The availability of commercial and open source software for radiomic feature extraction has made this line of inquiry accessible to a large number of investigators14,15,16,17. However, multi-institutional development and validation of radiomic-assisted prediction models is slowed down due to privacy concerns about sharing of individual patients’ medical images. Significant efforts are under way to make image sets used in radiomic investigations openly accessible via centralized repositories such as The Cancer Imaging Archive (TCIA; https://www.cancerimagingarchive.net)18, however, many data owners remain cautious about sharing individual patient images publicly online.
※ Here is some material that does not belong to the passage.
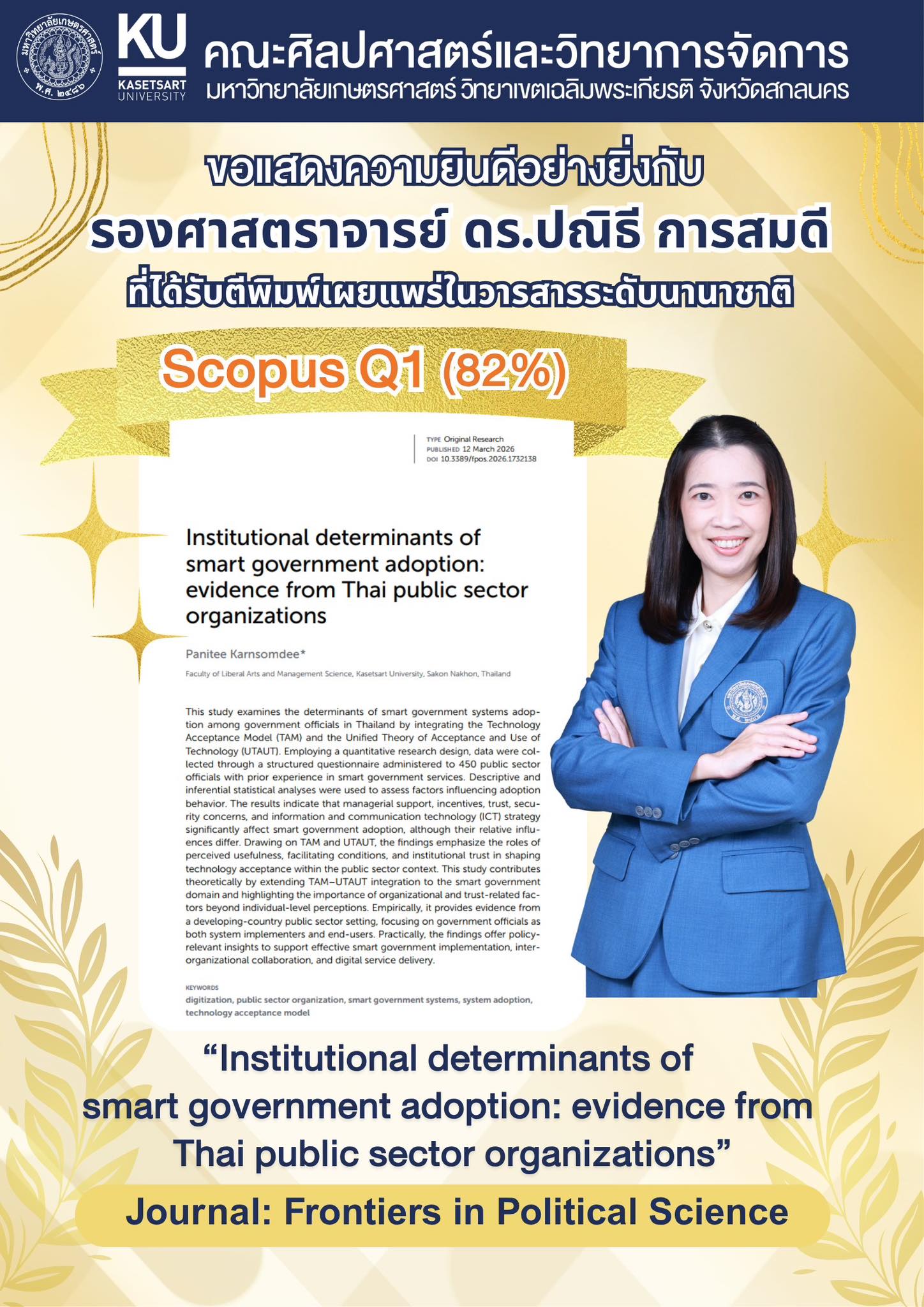คณะศิลปศาสตร์และวิทยาการจัดการ มหาวิทยาลัยเกษตรศาสตร์ ขอแสดงความยินดีอย่างยิ่งกับ ----

A privacy-preserving distributed learning infrastructure based on World Wide Web Consortium “Semantic Web” data sharing standards19, known as Personal Health Train (PHT; https://vimeo.com/143245835)20 has been successfully used to develop and validate models on non-image clinical data21,22,23. To extend the PHT approach to radiomics, we first need to publish our radiomic features in a manner that is Findable, Accessible, Interoperable and Re-useable (FAIR)24. We have developed a pragmatic and extensible Radiomics Ontology (RO) that is publicly accessible via NCBO BioPortal (https://bioportal.bioontology.org/ontologies/RO). With the RO, we can describe over 430 class objects and 60 predicates between objects to publish radiomic features (with some relationships and dependencies) according to Semantic Web standards. The class objects include unique feature identifiers that are aligned with the Image Biomarker Standardization Initiative (IBSI)25.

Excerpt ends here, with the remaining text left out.